Friday, December 19, 2014

Scratches.

The shallow scratches are still there.
Another proof of what I dreamt and what happened. 
I assume that I won't be discovered for a while. 
I mean, shallow scratches near my left breast bud? Who will possibly see it?
Not the doctors, they don't expose your skin to this degree. 
And no my mother, I don't allow her to see my privates. 
So it was or breast or vagina, and since I'm preparing to pluck one's hair away, having a cut there won't be very smart, that would just end up being an infection in awkward place, and I definitely don't want doctors to stare at my south regions!
I know, I've lost my privacy when I started harming myself, blah blah blah, but come on, nobody wants doctors try to heal a cut in their vulva!
I don't cut my vulva. 
But he'll, my upper thighs stomach and other "secret" places will be scarred. 
I guess that now is my carving time. 
Practising beautiful pieces on my skin.

I guess that I just didn't expect my relapse to occur so soon.
I mean, about six weeks since my hospitalisation and there I am, losing every single grip I had and completely dedicating myself to the phrase "fuck it."
Sometimes, when there are so many broken pieces, it's better to ruin everything and start again rather then try to fix the fragile building.
I guess I've reached the time where it's nice to start fresh.
I think I'm going to stick with it, it's actually like my sketchbooks, sometimes we just need to refresh and open a new page.
It's about time to break everything.

I think that my self harm is a mere statement currently.
Great, my only working expression method has to be printed on my skin, and to hurt.

I guess that my shower is going to include some mess.
A crimson mess.
A sneaky and evil giggle would suit my words.
Oh!

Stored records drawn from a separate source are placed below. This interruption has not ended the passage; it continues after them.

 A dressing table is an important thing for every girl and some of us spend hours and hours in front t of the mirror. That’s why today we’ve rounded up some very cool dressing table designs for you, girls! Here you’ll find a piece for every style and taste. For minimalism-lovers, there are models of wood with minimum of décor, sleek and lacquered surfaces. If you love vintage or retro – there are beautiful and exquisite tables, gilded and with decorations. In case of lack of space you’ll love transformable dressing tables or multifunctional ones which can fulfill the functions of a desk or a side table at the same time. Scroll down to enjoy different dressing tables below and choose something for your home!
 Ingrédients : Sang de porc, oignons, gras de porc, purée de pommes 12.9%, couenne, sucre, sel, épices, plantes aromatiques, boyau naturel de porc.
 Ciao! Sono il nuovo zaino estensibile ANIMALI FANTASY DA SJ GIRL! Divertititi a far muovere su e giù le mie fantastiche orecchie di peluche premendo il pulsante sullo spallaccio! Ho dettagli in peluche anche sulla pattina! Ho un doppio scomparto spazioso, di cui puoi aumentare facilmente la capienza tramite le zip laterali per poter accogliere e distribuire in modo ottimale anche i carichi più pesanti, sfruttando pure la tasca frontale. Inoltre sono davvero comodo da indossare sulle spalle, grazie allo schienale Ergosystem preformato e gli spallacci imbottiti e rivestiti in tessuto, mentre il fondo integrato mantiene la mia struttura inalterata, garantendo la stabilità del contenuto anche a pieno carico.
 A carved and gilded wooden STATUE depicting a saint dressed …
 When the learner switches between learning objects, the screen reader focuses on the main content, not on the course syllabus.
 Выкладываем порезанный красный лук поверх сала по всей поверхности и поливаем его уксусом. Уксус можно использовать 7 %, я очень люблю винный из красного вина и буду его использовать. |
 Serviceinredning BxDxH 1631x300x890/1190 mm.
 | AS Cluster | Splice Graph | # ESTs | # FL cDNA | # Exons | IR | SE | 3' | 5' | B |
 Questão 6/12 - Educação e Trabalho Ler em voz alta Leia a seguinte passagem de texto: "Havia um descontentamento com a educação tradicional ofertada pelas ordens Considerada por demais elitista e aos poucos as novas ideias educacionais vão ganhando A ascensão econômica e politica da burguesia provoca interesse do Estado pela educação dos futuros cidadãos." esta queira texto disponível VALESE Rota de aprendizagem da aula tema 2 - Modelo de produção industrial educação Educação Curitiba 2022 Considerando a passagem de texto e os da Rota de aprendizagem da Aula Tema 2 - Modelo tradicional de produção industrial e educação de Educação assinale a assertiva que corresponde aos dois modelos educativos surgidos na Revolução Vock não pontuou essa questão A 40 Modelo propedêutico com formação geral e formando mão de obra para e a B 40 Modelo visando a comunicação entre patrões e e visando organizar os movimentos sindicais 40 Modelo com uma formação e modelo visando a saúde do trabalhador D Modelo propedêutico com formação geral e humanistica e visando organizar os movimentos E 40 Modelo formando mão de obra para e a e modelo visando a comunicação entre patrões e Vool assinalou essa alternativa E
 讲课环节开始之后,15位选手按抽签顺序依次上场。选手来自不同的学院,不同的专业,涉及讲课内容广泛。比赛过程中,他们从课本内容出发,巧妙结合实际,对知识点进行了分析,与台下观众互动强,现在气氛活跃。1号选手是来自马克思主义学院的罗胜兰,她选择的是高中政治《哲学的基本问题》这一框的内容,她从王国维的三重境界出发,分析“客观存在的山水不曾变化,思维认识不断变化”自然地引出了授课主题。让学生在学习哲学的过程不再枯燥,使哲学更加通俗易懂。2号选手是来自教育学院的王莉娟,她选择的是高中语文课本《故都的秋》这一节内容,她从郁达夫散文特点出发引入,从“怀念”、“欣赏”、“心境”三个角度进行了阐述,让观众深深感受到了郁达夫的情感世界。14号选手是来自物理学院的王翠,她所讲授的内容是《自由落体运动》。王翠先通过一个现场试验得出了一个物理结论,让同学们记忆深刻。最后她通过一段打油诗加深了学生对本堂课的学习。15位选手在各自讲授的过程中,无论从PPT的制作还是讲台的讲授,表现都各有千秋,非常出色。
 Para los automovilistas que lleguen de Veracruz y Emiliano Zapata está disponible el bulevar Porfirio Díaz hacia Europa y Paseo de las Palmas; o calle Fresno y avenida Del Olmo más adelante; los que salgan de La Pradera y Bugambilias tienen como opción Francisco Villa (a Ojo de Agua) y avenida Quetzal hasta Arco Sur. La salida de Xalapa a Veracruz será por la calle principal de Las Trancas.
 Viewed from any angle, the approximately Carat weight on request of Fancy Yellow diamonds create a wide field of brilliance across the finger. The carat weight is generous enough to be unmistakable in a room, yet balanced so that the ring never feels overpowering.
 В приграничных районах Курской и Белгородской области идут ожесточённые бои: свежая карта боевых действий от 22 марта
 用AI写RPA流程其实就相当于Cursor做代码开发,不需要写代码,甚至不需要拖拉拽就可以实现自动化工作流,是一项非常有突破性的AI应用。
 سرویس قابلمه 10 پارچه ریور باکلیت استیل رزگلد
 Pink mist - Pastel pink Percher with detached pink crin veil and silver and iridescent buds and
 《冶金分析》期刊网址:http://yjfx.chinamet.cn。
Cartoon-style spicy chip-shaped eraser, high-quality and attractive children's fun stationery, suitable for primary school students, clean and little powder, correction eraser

And thunders.

I remember trying to cut myself with the scissors and that I failed miserably, now, I manage to do so.
Let's see how deep can I go!
I need to pee because I'm somehow a still functioning humanoid being.

Okay, I'm simming for quite a while.
My dude and dudette are doing well... Kind of.
My female is nailing her communications degree, and she's quite awesome.
My male, he failed the finales, but he improved his street art skill, I'm now working on his guitar, painting and cooking skill, I surely want some badass guitarist-visual-artist-chef one to marry a ghost and give her some delicious Ambrosia.


Well, goodnight, I didn't harm myself physically today with sharp object [unless my nails are considered sharp] so all I did today was get three large tin cans and one huge button shirt.


Actually I got more to say. 
I absoultely hate myself and I want to stop eating, I want to lose every piece of my body until I vanish. 
I want to disappear and just leave my boney figure striped with self inflicted scars, gauze pads and fresh wounds. 
Have a chalice to dig into my bones. 

Sure, I'd be in some pretty bad shit, but thinness. 
It'll be my friend, my saviour, my comforter, my lover, my killer, my tormenter, my life. 
I'm going on some light core destruction and risky behaviour.